Sorry, although he lost it and went a bit too far, when you consider the big picture its a massive overreaction to kick him out.

FlowerPot1234 · 25/10/2017 09:26

mrspatel77
dadshere are you for real? How worrying that you condone such violent behaviour!

Confused Eh? Where was there violent behaviour?

Oddmanout · 25/10/2017 09:41

Agree with flowerpot, where was the violence here?

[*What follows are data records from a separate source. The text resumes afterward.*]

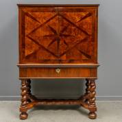 Wortelnoten kruisvoetkabinetje, de bovenkast met twee deuren waarin ieder een halve ster ingelegd, het onderstel met gedraaide poten verbonden door regel -lichte scheurvorming in het fineer van de deuren, slijtage aan de bovenrand-, 152 × 108 × 54 cm
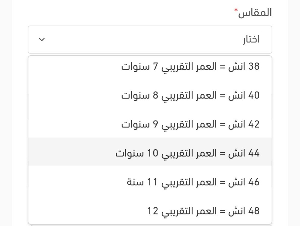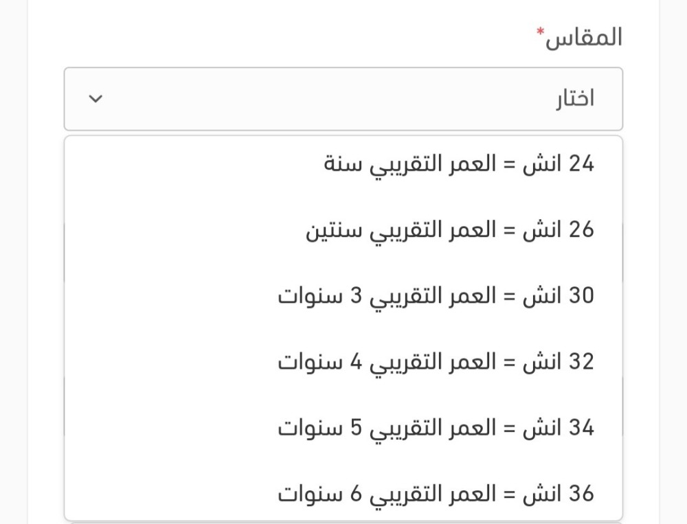 المقاس حسب طول ثوب الطفل والعمر بالانش
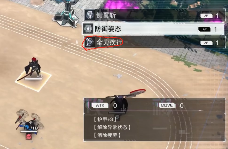 非常需要提一下的是,遊戲爲了避免遊戲的流程過於拖沓,每一名角色都是可以快速行駛到特定格子內的。在正式版中這一點顯得極其重要,很大程度上的優化了清怪的速度,要不然就是打不過,要不然就是秒對面。
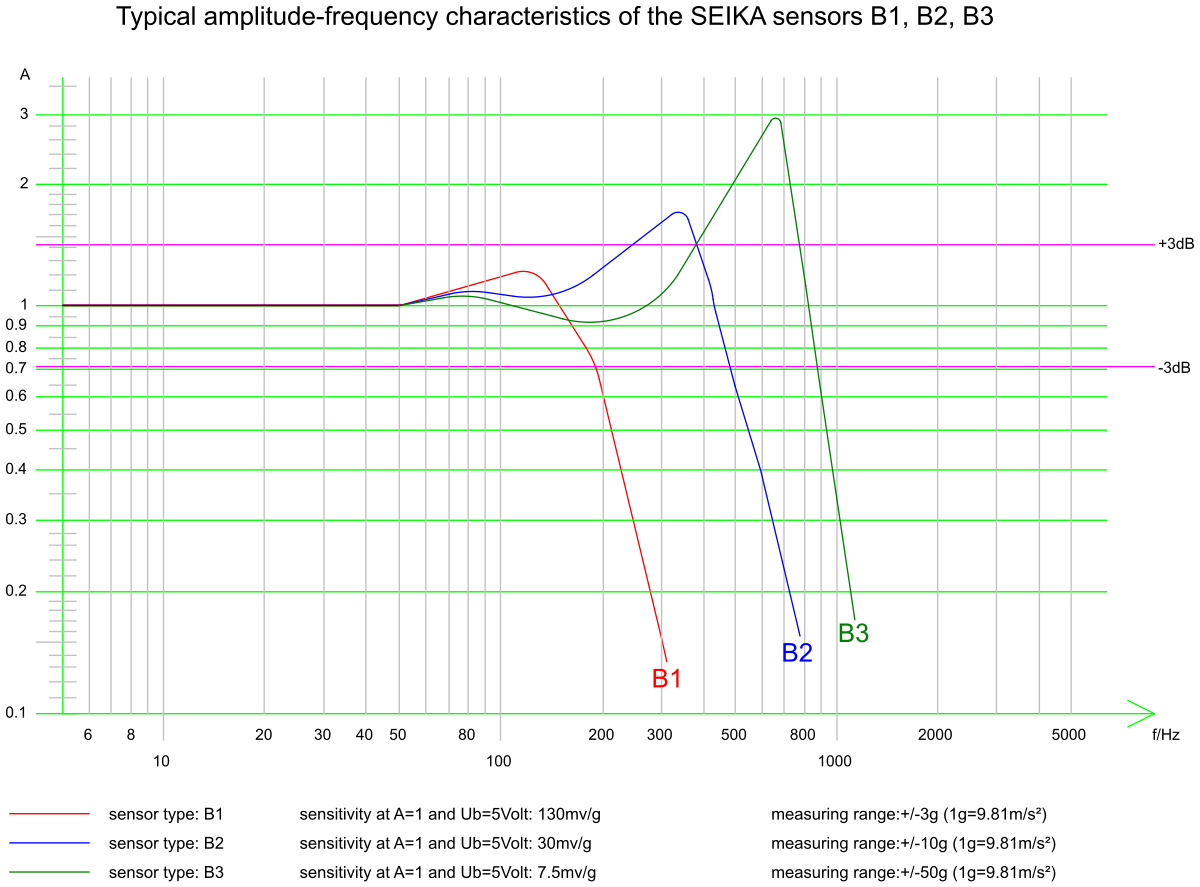 The sensors B1, B2 and B3 are capacitive spring-mass accelerometers with integrated electronics. Resonant peaks are minimized by special gas-dynamic damping in the primary transformer.
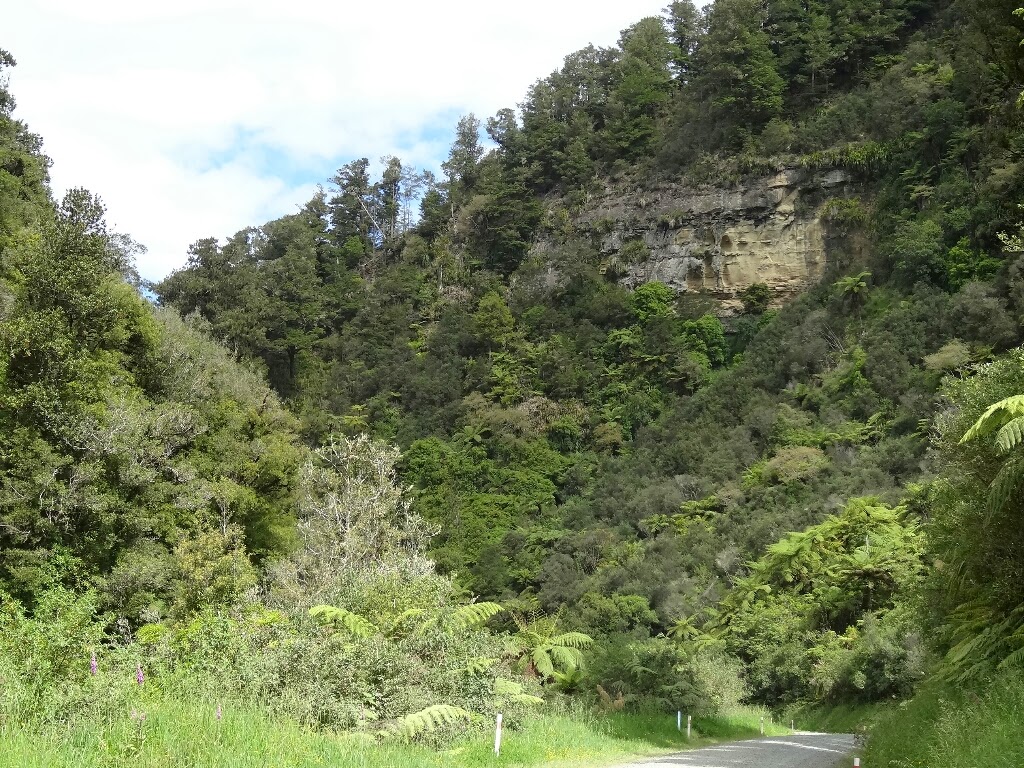 Notre rando dans le Parc National de Tongariro terminée, nous fillons vers l'Ouest espérant apercevoir le mont Egmont (ou mont Taranaki). Nous empruntons la très jolie "route du monde oublié", elle n'est même pas goudronnée en totalité.
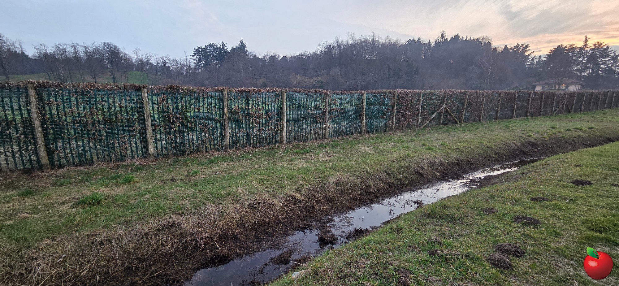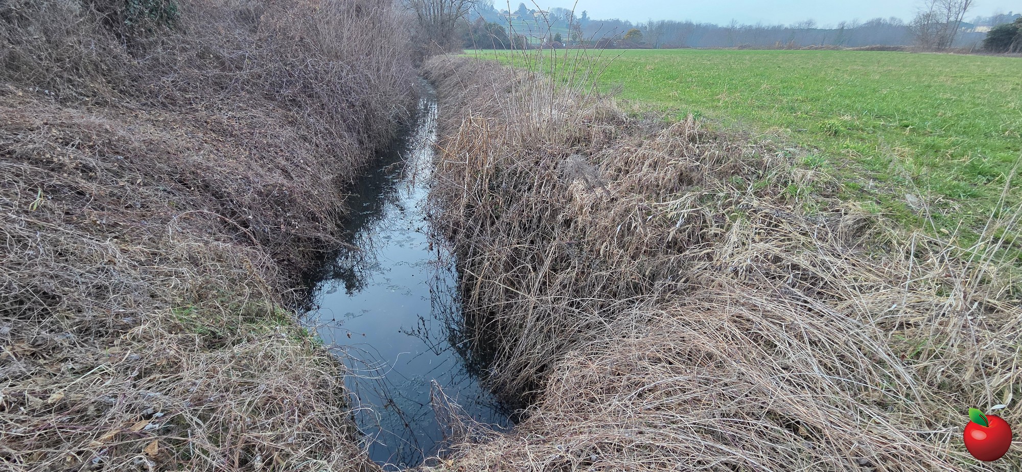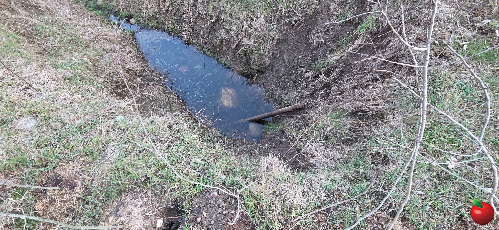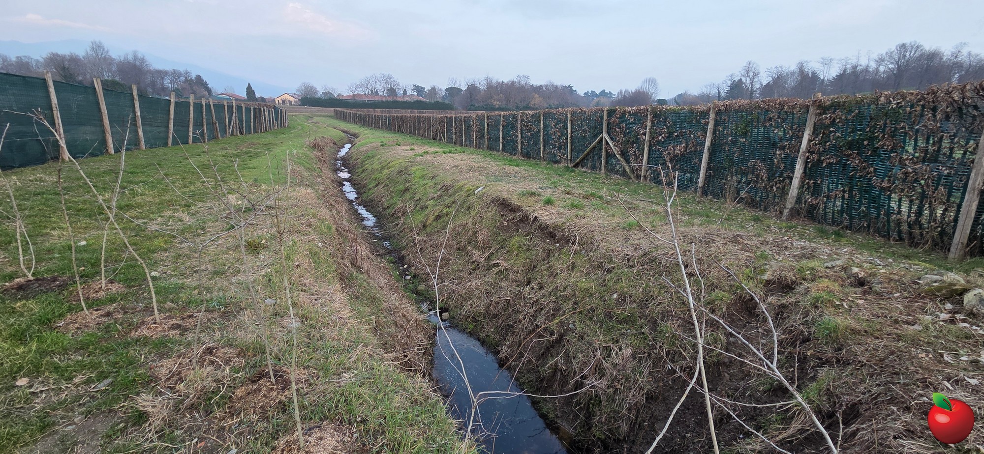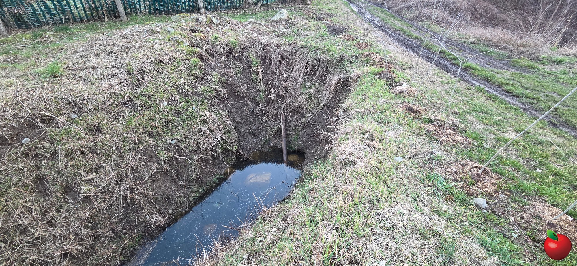E così anche ora. Si vede infatti che il piccolo corso d’acqua è stato volontariamente bloccato con terra e massi proprio a ridosso di una recinzione. Quindi l’acqua ristagna, se è eccessiva, tracima, poi si esaurisce.
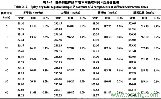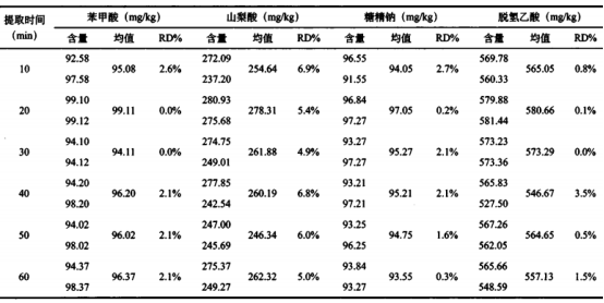 參考國標GB5009:28-2016一般性食品中樣品提取時間,本試驗對不同類別的糕點進行加標試驗來考察樣品提取時間對目標成分提取效率的影響,考察的提取時間分別為5min、10min、20min、30min、40min、50min、60min,稱取糕點、月餅、辣條樣品各3份,精密加入混合標準使用液2.0mL,上機測定,得到4組分在不同提取時間的含量,結果見表2。結果顯示,超聲提取10min,4種目標組分的數值基本達到穩(wěn)定,提取時間為20min所得含量最高,本次試驗最終選擇超聲時間為20min。
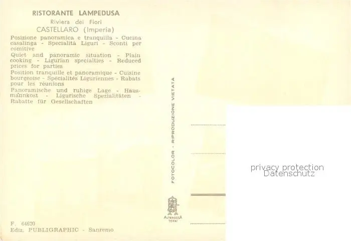 Castellaro Ristorante Lampedusa Panorama postalisch nicht gelaufen 1921-1965 Erhaltung siehe scans [FriedD77] Frierer

BaronessEllaSaturday · 25/10/2017 09:49

The minimizing and excusing going on is ridiculous, comparing it to getting down to talk face to face with a toddler ffs. If a poster came on and said their dp had screamed and sworn at them in a threatening manner an inch from their face it would be unanimous ltb, no-one would suggest she deserved it no matter what she had done so why should a child have to accept it.

Offred · 25/10/2017 09:56

Some of the posters on this thread are just horrendous people... horrendous people saying some really horrible things...

DixieNormas · 25/10/2017 10:09

This reply has been deleted

Message withdrawn at poster's request.

Oddmanout · 25/10/2017 10:10

Offred - Just because you don't agree doesn't make people horrendous. Everyone is entitled to an opinion.

Cambionome · 25/10/2017 10:21

I agree with Offred - some of the posts on her are just totally lacking in empathy and basic kindness.